Aregbesola who was speaking at a coloquiam in honour of the 63rd birthday of Senator Bola Ahmed Tinubu in Lagos  said his wage bill exceeds revenue by about six million Naira.

“I must tell you that it is the strongest indictment of president Goodluck Jonathan-led administration. We must know that Osun is next to Lagos in the size of civil servants and pensioners and the burden is huge. Our wage bill in the state is N3.6b, meanwhile, N3b is the highest we’ve ever received from Federal allocation.

“It fell to 2.3b in 2013 and just NI.3b was allocated in January 2015. So, i’ve been adding from the internally generated and still not able to meet up. That is how far the Federal Government has led us, I must painfully admit this,” he said.

He said the Youth Empowerment Scheme has absorbed 80,000 youths into different cadets and the school feeding programme.

Osun school feeding programme, launched in 2012, has increased enrollment in schools to over 25 per cent. “It has increased the production capacity of farmers, with over 3000 women food vendors empowered, besides meeting the Millennium Development Goals on food and health among school children.”

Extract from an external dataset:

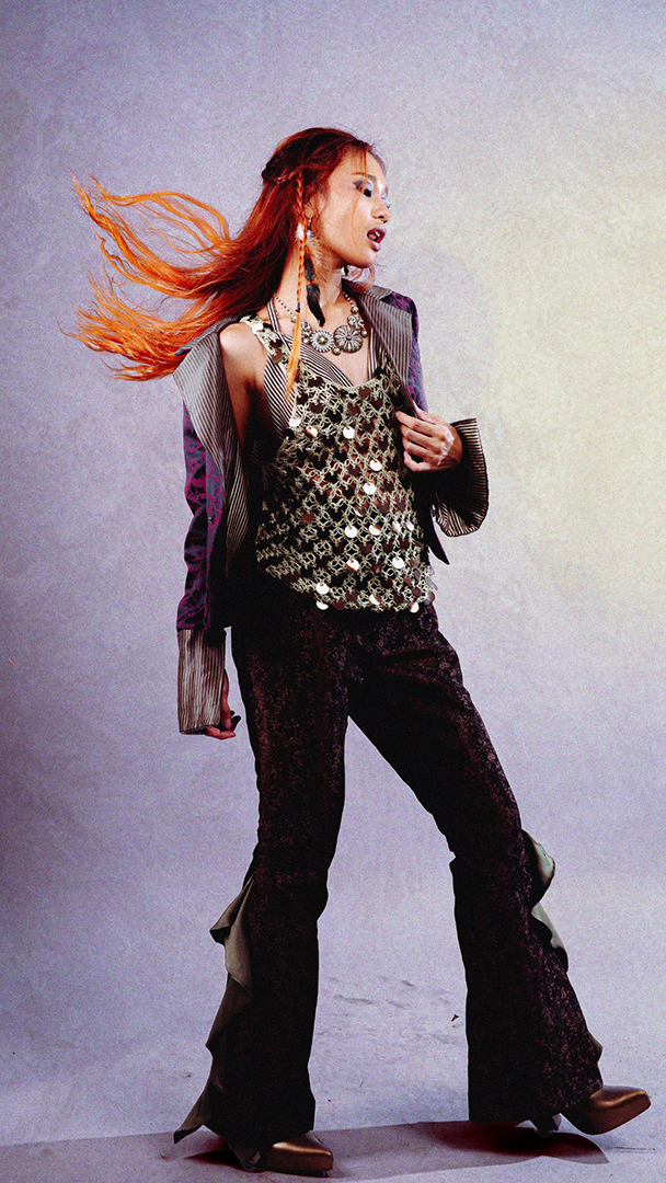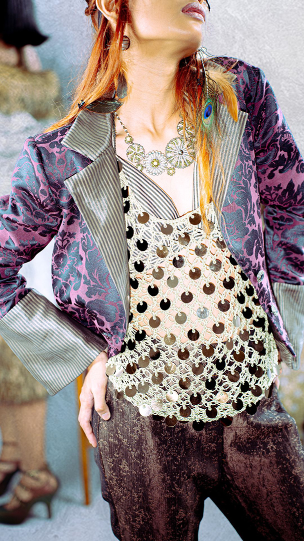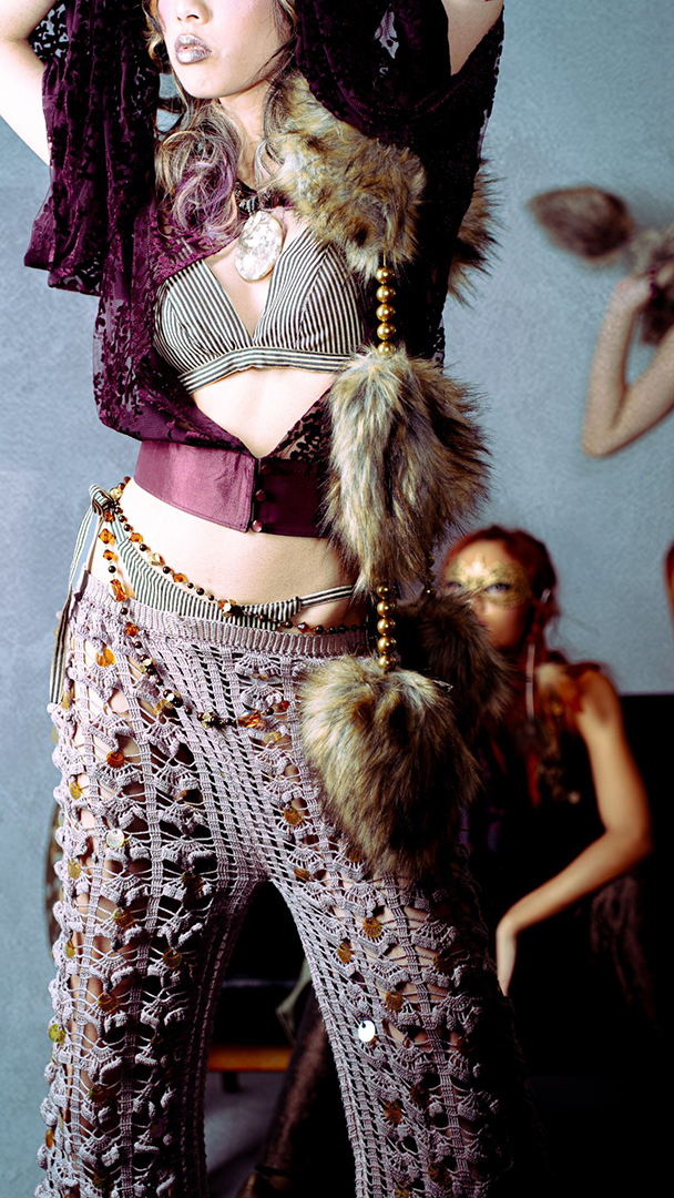 Through clothing as an act of escapism, SPECTACULA invites dreamers of the unconventional to transcend the ordinary and awaken their larger-than-life personas. Inspired by the transformative energy of 1970s rock musicians, the collection celebrates androgyny, glamour, and the art of becoming—inviting its wearers to step into imaginative personas and bring their boldest selves to life. Like putting on a mask, not to hide behind it, but to perform for the audience.

Governor Babatunde Fashola of Lagos who spoke on the theme “Change: How it will work” said the public must begin to identify the difference between the APC states and those of the opposition, comparing levels of developments.

Speaking on power generation in Lagos in the last couple of years, Fashola recalled that only the Federal Government could generate power in 1999, and Tinubu started the Independent Power Projects (IPPs) in Ikorodu, which has expanded statewide.

According to him, power generation is not rocket science. “Power companies are here and they can deliver turbine power within some months. But the issue is how to finance it and also transmit it.

As at today, Fashola said, five IPPs have been built, with capacity of 47.8MWs in Lagos. The IPPs now power 100kms of streetlights and state institutions like the State Houses in Marina and Alausa, Lagos State Secretariat and the Lagos State University Teaching Hospital (LASUTH). Others are the LTV 8, Area F Police Command, High Court, Old Secretariat, General Hospitals, City Hall, Oba’s palace, 11 schools, Waterworks among other. In total, 300 generators had been decommissioned. Besides, installation of solar power kits has started in about 200 schools across the state.

“Commercial distribution is not possible under the power reform and that is why the power is not extended into homes. We do not have people, not because it is difficult to generate. We have darkness because of incompetent people governing us. So as you go to vote on Saturday, remember that leaders are not elected to pray, but to humane, compassionate and effective, all of which Buhari is,” he said.